Let anger climb into your lap. She is a personal bugger and demands to be seen up close. Remember what it was like to sit in your mother’s lap, her arms loose and strong around you, your head tucked up underneath her chin? Hold anger like that for a minute.
Now, I think you should tell someone about her.
Find that friend or that partner, that sister or brother, the one who can withstand hurricanes and isn’t frightened by raw edges. Tell them about the anger. How she claws at your shoes, how you’ve picked her up and are in an unsettled moment of truce with her.
You might find in that moment that your anger has a twin flame. That you and anger are not alone in this fight. Or maybe it is still just you and anger, but she is slightly lighter now that you have spoken about her. She’s starting to yield, to shift in your arms as you understand better how to hold her. In holding her, you better understand who she is.
You start to recognize that anger is never just anger. She is heavy, crushing grief. Tiny, sharp fractures to your soul that have gone unchecked and unhealed. She is all the times you saw every red flag but someone else insisted you did not. When you yelled into the nothingness of a crowded room and the deafening silence echoed back, anger covered your fear and abandonment.
She is the bewildering moment when you pulled one string and a knotted mess wound up in your hands. You fumbled for hours trying to separate each one, to put them in their proper place, but each one that was freed revealed another three that were tangled.
Now that you’ve sat with anger for a bit, gotten to know her quirks and nuances a little better, maybe it’s time to set her down. No one said you had to sit with her forever, but plenty told you not to acknowledge her at all. With acknowledgement comes an understanding, and anger is ready to be out of your arms and by your side now. Close, fingers touching, but set down.
I think you should do something about her now.
There are certain things a girl is admonished to do, and showing her anger makes the top ten. She’s a bitch or a jezebel (pick your cultural poison), too coarse and unbecoming, a shame to her people. Be softer, more pliable. Be putty, be clay.
Clay is good and holy in the hands of its Maker, but even the Potter flipped tables sometimes.
Before, when you hadn’t sat with anger, when you hadn’t talked about her, acknowledged her, anger was an unruly, unholy mess. You were at her whim. Disheveled and heartbroken as you tried to stanch the pain of her without looking her in the eye. You couldn’t move forward because she was a brick wall and you the Wile E. Coyote, forever crashing and never learning.
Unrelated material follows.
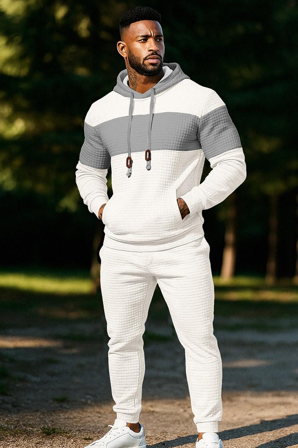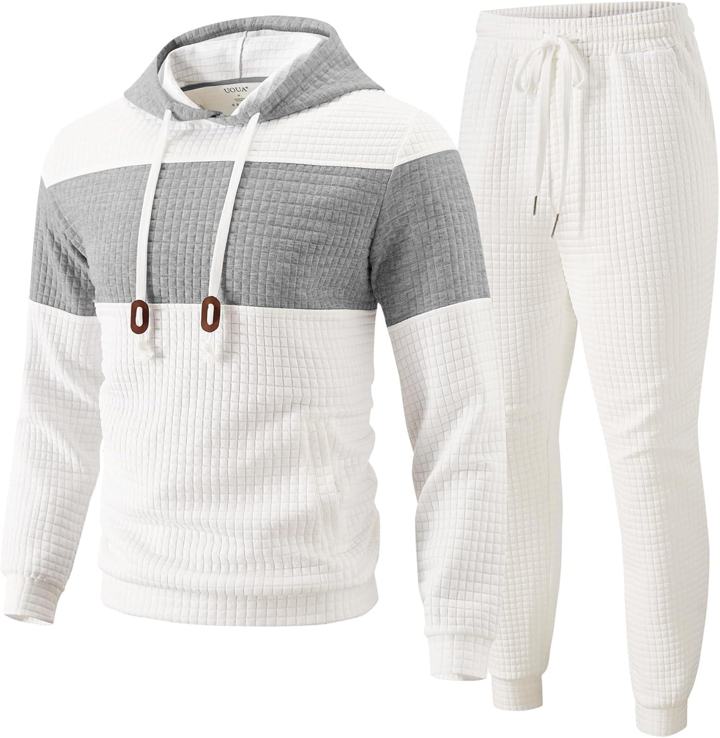 UOUA Mens Tracksuit 2 Piece Hoodie Sweatsuit Sets Casual Athletic Jogging Suits Waffle Jacquard Outfits(White)

But now, you have an agreement. Now you know each other. And you see anger for all that she is. She’s not pushing you around anymore, but you also don’t have to carry her. She was a brick wall before, but up close you see tiny sprouts of green life pushing through her cracks. She yields her strength to give you a gift.
You did the sitting. You did the talking. You understand something about the world now that you didn’t before.
Now it’s time to take the gift and move.